Одно время Бушмар довольно долго не появлялся у сына Винценты и у его соседей. А через неделю примерно он подошел к первому от леса колхозному дому и постучал в окно. Вышел из дому старший Винцентов сын. Вечер был, темно. Дорога через лес была аж черной. Двое мужчин зашагали вдоль леса и поля, шли медленно и, разговаривали вполголоса.
Пришли на Бушмаров хутор, а вскоре зашагали назад. С той поры время от времени стал захаживать тот колхозник к Бушмару. Приходил уже не таясь и младший Винцентюк, а иногда и еще кто-либо из тех новых, живших у леса, хуторян отирался тут.
Однажды Бушмару и с Галеною довелось встретиться. Был полдень, светило солнце. Галена шла с детьми (свой и двое Амилиных) по новой гребле, неподалеку от того места, где когда-то была деревня.
Бушмар поспешал откуда-то дорогою. Повстречав Галену, он остановился, даже подался от неожиданности немного назад. Галена ему ничего не сказала, хотела молча пройти мимо, но он стоял перед ней и смотрел на нее. Тогда она, смутившись, сказала:
— День добрый.
Он ответил. И как только она пошла дальше, он задержал ее:
— Постой.
— Чего?
— Постой. Не спеши… Ко мне не вернешься?
— Нет.
— А может, подумаешь?
— Нет… Никогда.
И, помолчав:
— Если б ты сдал все хозяйство в колхоз, сам, по доброй воле, да если б несколько лет как человек пожил в колхозе, если б переменился, если б наново родился, тогда, может, что и было бы. А так… Нет, нет!

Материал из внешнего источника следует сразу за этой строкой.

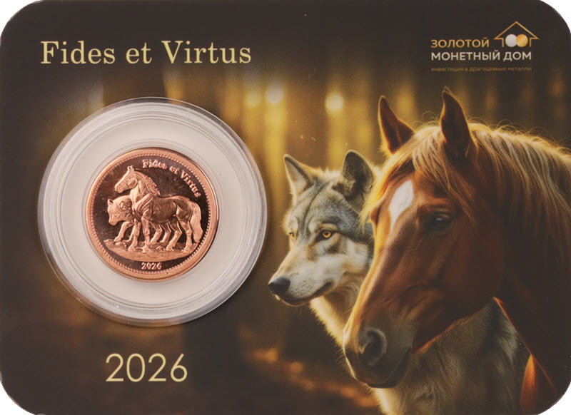 На реверсе изображены Волк и Лошадь, идущие вместе. Вверху надпись: Fides et Vertus (Верность и Доблесть). Внизу: 2026 (год чеканки).

Она повела детей дальше, а он заорал вслед:
— Раньше я со света посживаю вас всех!..
Галена зашагала быстрей и слышала позади громкий его шепот:
— И сыны мои там у них, без батьки, без меня…
— Хоть раз ты своих детей вспомнил, — крикнула, обернувшись к нему, Галена. — Какой ты батька, так ты и сынов при себе имеешь!..

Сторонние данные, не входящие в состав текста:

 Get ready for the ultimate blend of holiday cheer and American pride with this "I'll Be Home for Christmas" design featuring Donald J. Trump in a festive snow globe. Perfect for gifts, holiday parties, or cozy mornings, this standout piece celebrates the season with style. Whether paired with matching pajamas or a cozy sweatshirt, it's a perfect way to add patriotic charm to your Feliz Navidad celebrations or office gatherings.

Тогда Бушмар повернул обратно, туда, откуда шел, несколько раз оглянувшись на Галену. Колхозные новые строения весело золотило солнце.
Однажды вечером Андрей с Владей вышли из колхозной конторы. Рабочий день кончился, мужчины возле колодца мыли руки. Подошел к колодцу умыться и Владя — он сегодня полдня работал в кузнице, кузнецу помогал. Андрей пошел следом. Издалека еще услышали они, что какой-то спор разгорелся у колодца, даже крик чей-то слышен был. Усатый дядька, размахивая широко руками, что-то доказывал. Некоторые вторили ему, некоторые старались осадить его. Наконец стало ясно, чего он хотел:
— Это правду он мне говорит, что теперь можно иначе трошки.
— Что? — спросил Андрей.
— А вот то, что — поле дак мы вместе обрабатывать будем, а огороды поделим каждому по куску. Кур поделим, молочную животину.
— Зачем?
— А чтоб свой интерес был.
— Тогда, может, и поле?
— Потом можно будет и поле.
— А может, теперь уже?
— Я не сказал — теперь, да… а что…
Тут подал голос Винцентов сын:
— Этак оно не годится, этак колхоз развалится, однако сделать два или три меньших колхоза — это надо. Поотделиться по несколько семей в гурт…
После этого поднялся еще больший крик. А когда расходились, несколько человек обособились и пошли в другую сторону за Винцентовым сыном. Он вдруг вернулся туда, где стояли Андрей с Владей, и объяснил:
— Тут это вот ради чего. Чтоб всех хозяев повтягивать сюда. В большой гурт дак не очень они вступят, а так — дак все согласятся. Тогда вся округа наша будет колхозного.
— А если не согласятся? — как следователь, спросил Владя, глянув на Андрея.
— Согласятся.
— Ты что, у всех спрашивал?
— Спрашивал.
— Ну и вступят?
— Все.
И, подумав:
— Даже Бушмар.
— Он, видно, самым первым вступит? — догадался Андрей.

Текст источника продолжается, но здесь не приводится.